I would like to take advantage of this fact. My input data should
already be in sorted order, therefore I think I can use my_set.end() as
the hint to insert(). Is this a valid assumption, or does this depend
on how std::set is actually implemented?

--
Marcus Kwok
Replace 'invalid' with 'net' to reply

Oct 26 '06 #1

Subscribe Post Reply

3487

David Harmon

On Thu, 26 Oct 2006 18:48:57 +0000 (UTC) in comp.lang.c++,
ri******@gehennom.invalid (Marcus Kwok) wrote,

>I would like to take advantage of this fact. My input data should
already be in sorted order, therefore I think I can use my_set.end() as
the hint to insert(). Is this a valid assumption, or does this depend
on how std::set is actually implemented?

Sounds valid to me. However, I think that I would prefer to use the
iterator returned by the previous insert() call.

Oct 26 '06 #2

Victor Bazarov

Marcus Kwok wrote:

I am not sure if this is something that is covered by the Standard, or
if it's an implementation detail of my Standard Library.

I am reading in a large amount of data into a std::set. There is an
overload for std::set::insert() that takes in an iterator as a hint as
to where the new value should be inserted, and my implementation
(Dinkumware) says that if the hint is good (meaning the iterator
points immediately before or after where the inserted value should
go) then the insertion can happen in amortized constant time rather
than logarithmic time.

I would like to take advantage of this fact. My input data should
already be in sorted order, therefore I think I can use my_set.end()
as the hint to insert(). Is this a valid assumption, or does this
depend on how std::set is actually implemented?

Why don't you try it both ways and compare the time it takes your program
to form your 'set'?

V
--
Please remove capital 'A's when replying by e-mail
I do not respond to top-posted replies, please don't ask

Oct 26 '06 #3

Marcus Kwok

Marcus Kwok wrote:
[using a hint when inserting into std::set]

Victor Bazarov <v.********@comacast.netwrote:

Why don't you try it both ways and compare the time it takes your program
to form your 'set'?

OK, so I tested three different versions of my code: one where no hint
is supplied, one where I use my_set.end() as the hint, and one where I
use the iterator returned from the previous iteration as the hint. All
of them were pretty close. Interestingly, the one with no hint was
actually the fastest, but only very slightly faster than using end() as
the hint (I will consider them the same due to the resolution of my
timing results). Also interesting was that the one using the previous
insertion's iterator was the slowest, but only by about 3%.
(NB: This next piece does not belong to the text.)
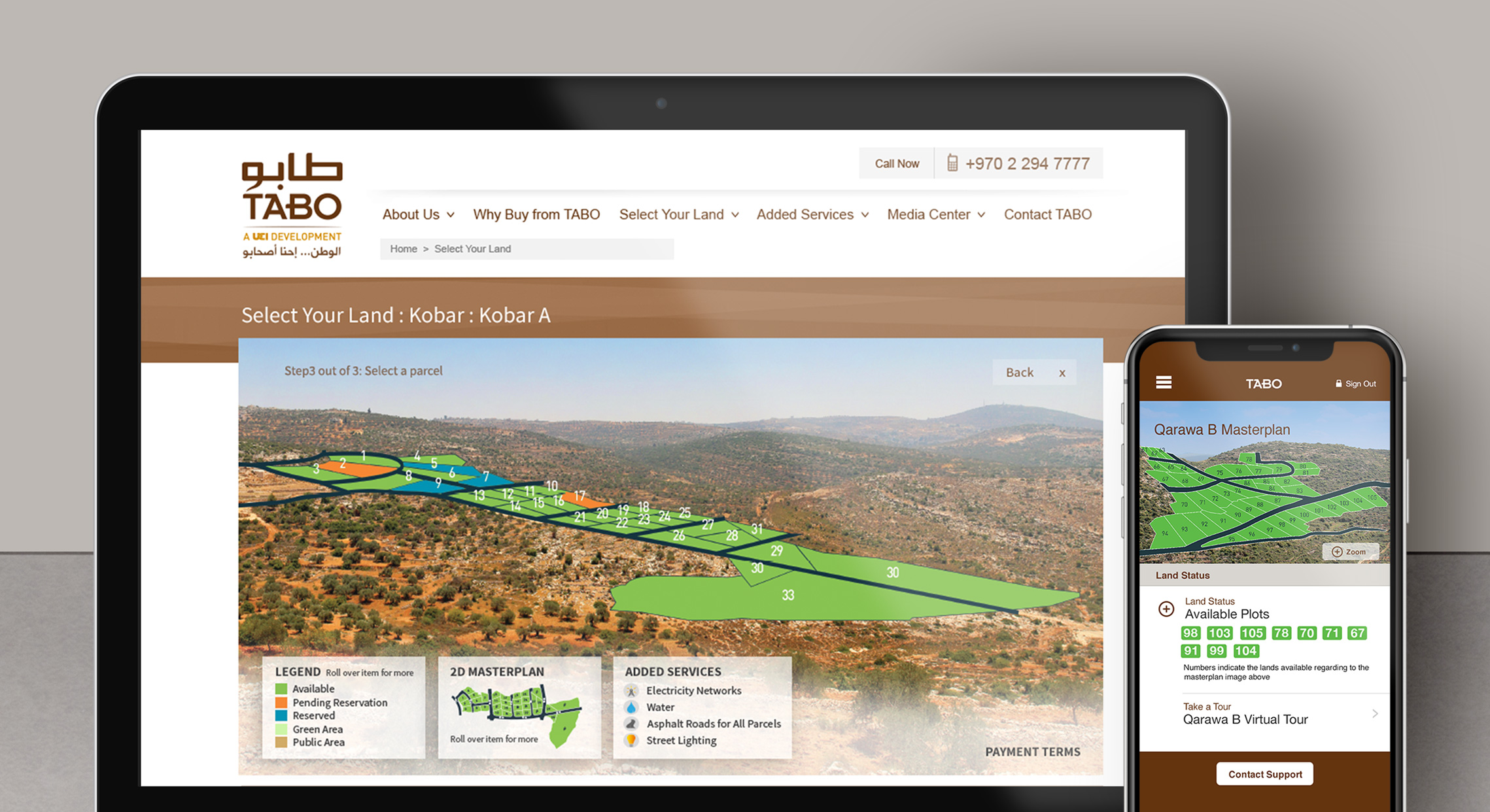 TABO presents a non-traditional automated web application, automates selling company’s listed lands to Palestinians through beautifully integrated interactive 3D models, aerial views, and virtual tours.
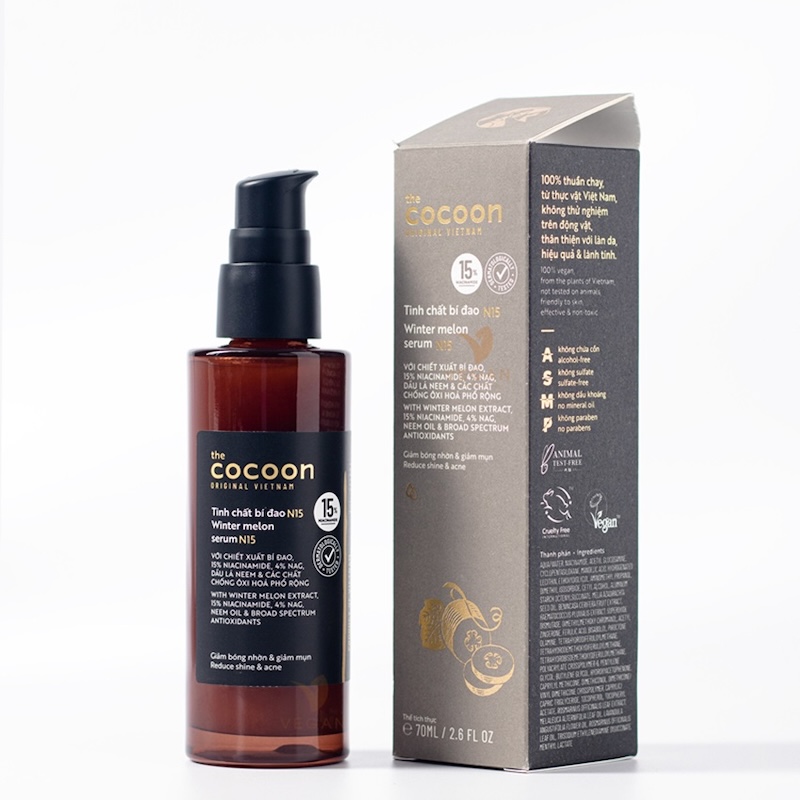 Tinh chất Serum bí đao N15 Cocoon 70ml Thuần Chay 15% niacinamide tinh khiết, 4% NAG phối hợp cùng dầu lá neem và các chất chống ôxy hoá phổ rộng giảm bóng nhờn và cải thiện tình trạng mụn.

Since the timing differences are fairly negligible (and also not
definitive since I had other processes running at the same time), I
think I will just stick to the simple version of insert(), since it is
the clearest.

--
Marcus Kwok
Replace 'invalid' with 'net' to reply

Oct 26 '06 #4

Victor Bazarov

Marcus Kwok wrote:

>Marcus Kwok wrote:
[using a hint when inserting into std::set]
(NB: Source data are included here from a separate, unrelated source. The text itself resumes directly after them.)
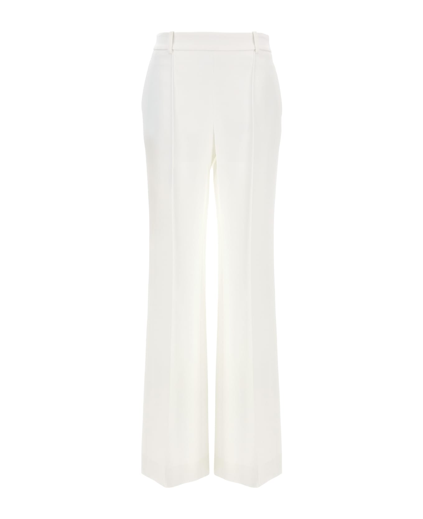 Tailored trousers in viscose blend with wide leg, visible front stitching, pockets, side zip closure.
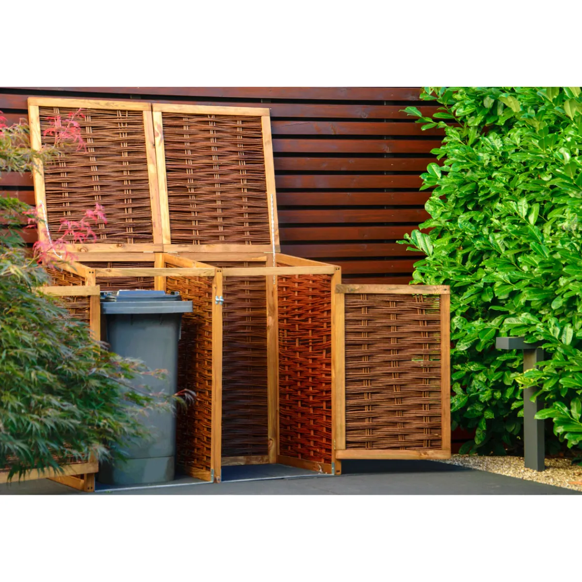 Verabschieden Sie sich von unschönen Mülltonnen, die Ihr Gartenbild stören! Mit der dobar Holz-Mülltonnenbox in edlem Braun holen Sie sich nicht nur eine praktische Lösung, sondern auch ein stilvolles Design-Highlight in Ihren Außenbereich. Diese Mülltonnen-Verkleidung überzeugt durch ihr robustes Material aus hochwertigem Kiefernholz und das dekorative ungeschälte Weidengeflecht. Ob Sonne oder Regen – diese Box bleibt wetterfest und langlebig. Und das Beste? Dank des praktischen Klappdachs können Sie Ihre Mülltonne jederzeit mühelos öffnen, während eine clevere Kette verhindert, dass das Dach nach hinten umschlägt.
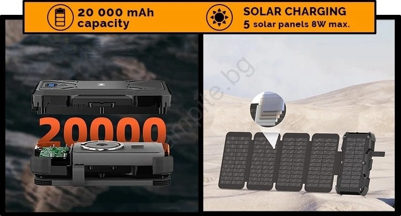 • Благодарение на иновативния сгъваем соларен панел можете да зареждате устройствата си от слънчева светлина, за да имате винаги изцяло зареден телефон, таблет или друга електроника.
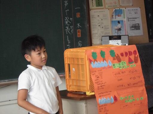 今日は2年担任の杉山教諭が出張のため、2年生の授業に入りました。5校時の生活科は5月に植えた野菜の成長を観察、記録する学習でした。「ナスがなっています。」「きゅうりの赤ちゃんができています。」など、野菜の成長を実感する声が多く聞かれました。その後、7人それぞれが自分の好きな野菜をスケッチし、教室で色を塗りました。これから気温の上昇とともに、スイカ、トマト、かぼちゃ、ししとうなどの野菜も大きく成長します。子どもたちの楽しみも増えることでしょう。
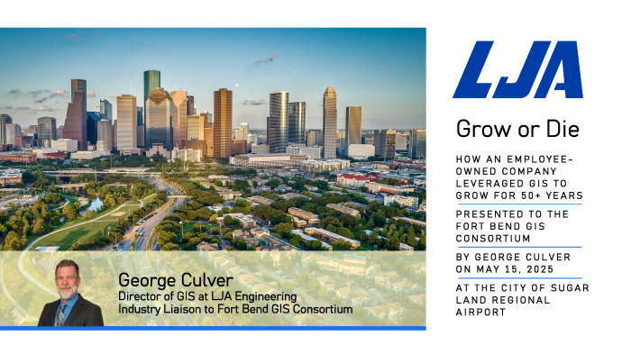 City of Sugar Land Regional Airport, May 15, 2025 – Mr. George Culver, Director of GIS at LJA Engineering (LJA) and the Industry Liaison to the Fort Bend GIS Consortium (FBGISC) presented to members and greater area partners on the leverage of GIS by LJA as the employee-owned company grew from 40 to over 2,000 employees over LJA’s 50+ years of business. Emphasizing LJA’s unofficial motto of Grow or Die, Mr. Culver guided attendees through the adoption and growth of GIS across every department and operation within LJA. Beginning with the all too familiar task of layering parcels over imagery, to the use of automated data processes, to the integration of company-wide communications into project packets complete with land history, parcel data, land development prospects, and existing trails of correspondence, LJA has not only leveraged existing GIS solutions available on the market, but pushed past the boundaries of what is available and supported the development of their own internal geospatial solutions and infrastructure.
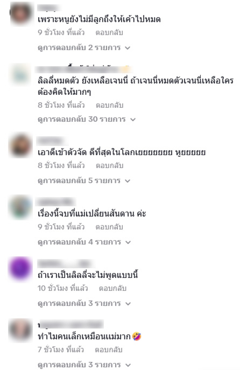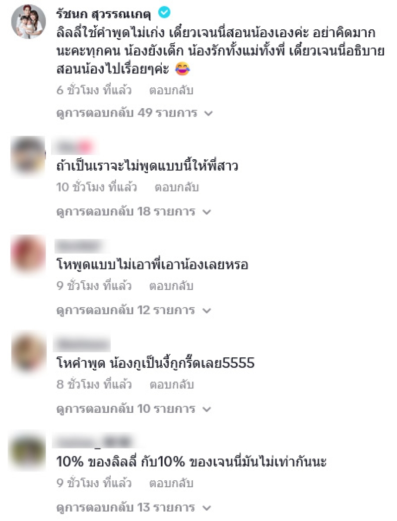 ท่ามกลางคอมเมนต์ต่างเข้ามาคอมเมนต์เรียกทัวร์กันสนั่น อาทิ ถ้าเป็นเราจะไม่พูดแบบนี้ให้พี่สาว,โหพูดแบบไม่เอาพี่เอาน้องเลยหรอ,10% ของลิลลี่ กับ10% ของเจนนี่มันไม่เท่ากันนะ,ลิลลี่หมดตัว ยังเหลือเจนนี่ ถ้าเจนนี่หมดตัวเจนนี่เหลือใครต้องคิดให้มากๆ,ถ้าเราเป็นลิลลี่จะไม่พูดแบบนี้

Victor Bazarov <v.********@comacast.netwrote:
>Why don't you try it both ways and compare the time it takes your
program to form your 'set'?

OK, so I tested three different versions of my code: one where no hint
is supplied, one where I use my_set.end() as the hint, and one where I
use the iterator returned from the previous iteration as the hint.
All of them were pretty close. Interestingly, the one with no hint
was actually the fastest, but only very slightly faster than using
end() as the hint (I will consider them the same due to the
resolution of my timing results). Also interesting was that the one
using the previous insertion's iterator was the slowest, but only by
about 3%.

Since the timing differences are fairly negligible (and also not
definitive since I had other processes running at the same time), I
think I will just stick to the simple version of insert(), since it is
the clearest.

While doing that, have you tried looking at the implementation of
the 'insert' without the argument? Could it be that it actually falls
back onto 'insert' with a hint and gives 'end()' as the hint? Not that
it should make much of a difference for you, of course. Just curious,
I guess.

V
--
Please remove capital 'A's when replying by e-mail
I do not respond to top-posted replies, please don't ask

Oct 26 '06 #5

Marcus Kwok

Victor Bazarov <v.********@comacast.netwrote:

While doing that, have you tried looking at the implementation of
the 'insert' without the argument? Could it be that it actually falls
back onto 'insert' with a hint and gives 'end()' as the hint? Not that
it should make much of a difference for you, of course. Just curious,
I guess.

Well, it looks like on my implementation, std::set is implemented in
terms of a Red-Black tree. As far as I can tell, the overload without a
hint will just traverse the tree to find the right spot. I can't really
see what exactly the version with a hint is doing... all those leading
underscores make my eyes hurt :)

--
Marcus Kwok
Replace 'invalid' with 'net' to reply

Oct 26 '06 #6

Mark P

Marcus Kwok wrote:

>Marcus Kwok wrote:
[using a hint when inserting into std::set]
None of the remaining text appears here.